France, Germany, Italy, the Netherlands, Spain and the UK are taking action versus Google over its controversial unified privacy policy. Reuters

In what is shaping up to be a massive cross-continental brawl over consumer data in the digital age, authorities in six European countries are investigating Google Inc. (NASDAQ:GOOG) over its privacy policy.

The investigations are being carried out by data-protection authorities in France, Germany, Italy, the Netherlands, Spain and the UK following a recommendation from the Commission Nationale de l’Informatique et des Libertés, or CNIL, the French data-protection watchdog that has been investigating Google’s controversial unified privacy policy since it was first implemented 13 months ago.

In a press release on Tuesday, the CNIL wrote that Google’s policy remains in noncompliance with Europe’s Data Protection Directive, despite recommendations it published in October, which had asked Google to implement compliance measures within four months. The CNIL also wrote that a March 19 meeting between a data-protection taskforce and Google representatives yielded no progress, as the privacy policy remains unchanged. As a result, the group recommended that authorities in the European countries escalate the matter.

“It is now up to each national data protection authority to carry out further investigations according to the provisions of its national law transposing European legislation,” the CNIL wrote on its website. “Consequently, all the authorities composing the taskforce have launched actions on 2 April 2013 on the basis of the provisions laid down in their respective national legislation (investigations, inspections, etc.).”

Data-protection officials in most of the individual countries were not immediately available for comment, but the Italian Data Protection Authority did confirm with International Business Times that it had already begun its investigation. “Italian DPA has notified Google [about] the initiation of a procedure to verify whether the Google privacy policy is compliant with the Italian national legislation,” said Francesco Vitali, a spokesman for the authority, in an email message.

In an emailed statement to the International Business Times, a spokesperson for Google said its privacy policy “respects European law and allows us to create simpler, more effective services.” The spokesman added: “We have engaged fully with the DPAs involved throughout this process, and we’ll continue to do so going forward.”

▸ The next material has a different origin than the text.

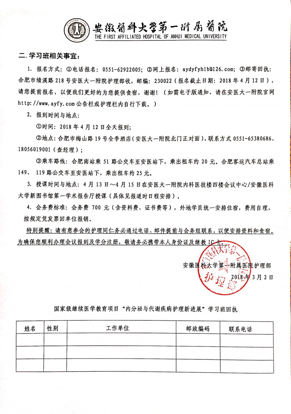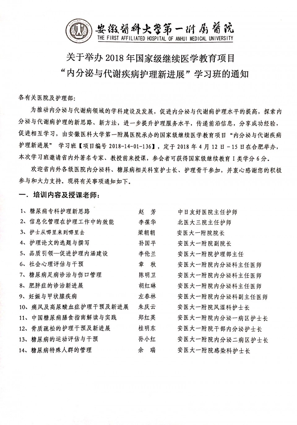 关于举办国家级继续医学教育项目“内分泌与代谢疾病护理新进展”学习班的通知

Unlike in the United States, where data privacy is loosely regulated by the states, the European Union regulates companies’ abilities to collect personal information -- and the regulations are generally much stricter than in the U.S.

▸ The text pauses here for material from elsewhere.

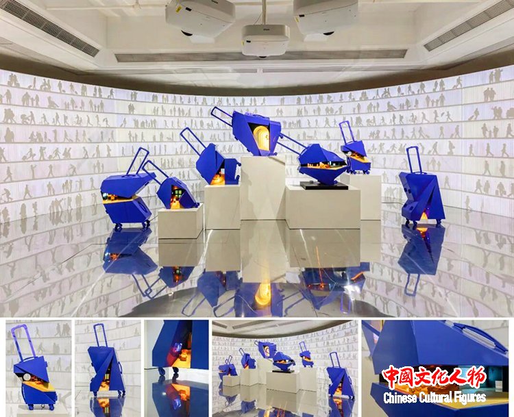 陈喜钊 《城市旅人》 460x120x160cm 不锈钢、投影仪 2025

Europe’s fight with Google comes at a time when those already-tough data-protection laws are poised to get even tougher. In December, the European Commission proposed a comprehensive reform to the data-protection rules it established in 1995, eons ago in the tech world.

In a press release at the time, the commission said its aim is to “strengthen online privacy rights and boost Europe's digital economy.” At the same time, the proposed rules could have serious implications for Google, Facebook and other U.S. tech companies whose livelihoods depend on their ability to sell advertising based on data they collect from their users.

The CNIL’s announcement came less than a day after Forbes reported that Alma Whitten, Google’s first director of privacy, is planning to step down. When the position was first announced in 2010, CNET called it “Google’s hardest job.”